Поезд подошел с трудом, весь в снегу, промерзлый, визжа, скрипя, воя… Я вскочил в сенцы вагона, распахнул дверь в него – она, в шубке, накинутой на плечи, сидела в сумраке, под задернутым вишневой занавеской фонарем, совсем одна во всем вагоне, глядя прямо на меня (6; 210–211) –
напоминает первое появление Генрих:
Он закрыл под столиком раскаленную топку, опустил на холодное стекло плотную штору и постучал в дверь возле умывальника, соединявшую его и соседнее купе. Дверь отворилась, и, смеясь, вошла Генрих, очень высокая, в сером платье, с греческой прической рыжелимонных волос (7; 132).
Для этой, продуманной и театральной сцены взяты вечерние краски; героиня «театрально» появляется из тьмы соседнего купе. В «Генрихе» вообще все погружено во тьму, рассказ начинается сумерками в Москве («уже темнело, и неподвижно и нежно сияли огни только что зажженных фонарей» – 7; 129) и заканчивается антибским пейзажем с гаснущим солнцем, похожим на апельсин-королек. Неожиданной вспышкой в ночном небе звучит для Глебова выстрел, который на самом деле уже прозвучал в Вене два дня назад[124]
. Героиня спрятана за образами ночной тьмы, вереницей воспоминаний о прочих возлюбленных Глебова (нежная москвичка Наденька, восточная ревнивица Ли, страстная цыганка Маша и сицилианка), и лишь в редкие мгновения Генрих появляется и снова исчезает, в последний раз уже навсегда.Серия мгновенных появлений и исчезновений героини соответствует прерывистой природе текста[125]

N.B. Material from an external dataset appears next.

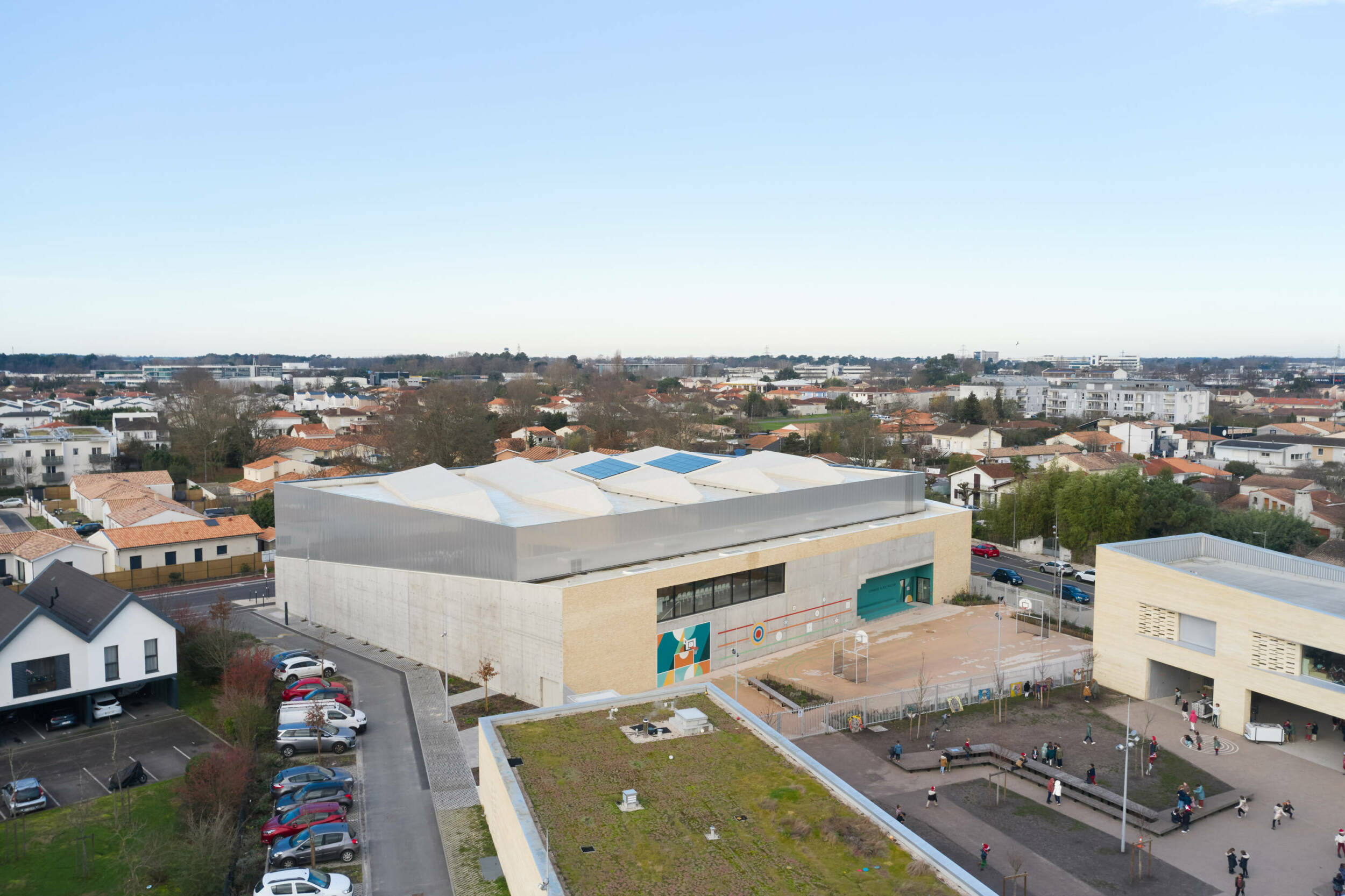 On September 27, the new Alice Milliat Gymnasium in Mérignac was inaugurated, directly connected to the Rosa Bonheur school complex. The facility accommodates school, community, and high-level sports activities, featuring a large multi-sports hall, an artificial climbing structure, an additional activity room, and a social space.

, «собранного» из разрозненных кадров; между ними пустота, провалы, боковые ответвления главной сюжетной линии, случайные портреты… Самый глубокий провал – это смерть Генрих. Вечная разлука Глебова с ней подчеркивает прерывистость всего текста, а прерывистость, в свою очередь, увеличивает силу финального пуанта. В тексте воплощен парадокс: чем больше Глебов думает о своих многочисленных, бесподобных возлюбленных, тем, кажется, больше он должен забывать Генрих, но все происходит наоборот: смерть Генрих окончательно исключает ее из ряда других героинь, она навсегда остается самой прекрасной и самой недоступной. А праздничная, роскошная жизнь Глебова («заезжали к Елисееву за фруктами и вином 〈…〉 Опять будет запах газа, кофе и пива на венском вокзале, ярлыки на бутылках австрийских и итальянских вин» – 7; 129), жизнь нового Дюруа, обрывается вместе с финальным выстрелом.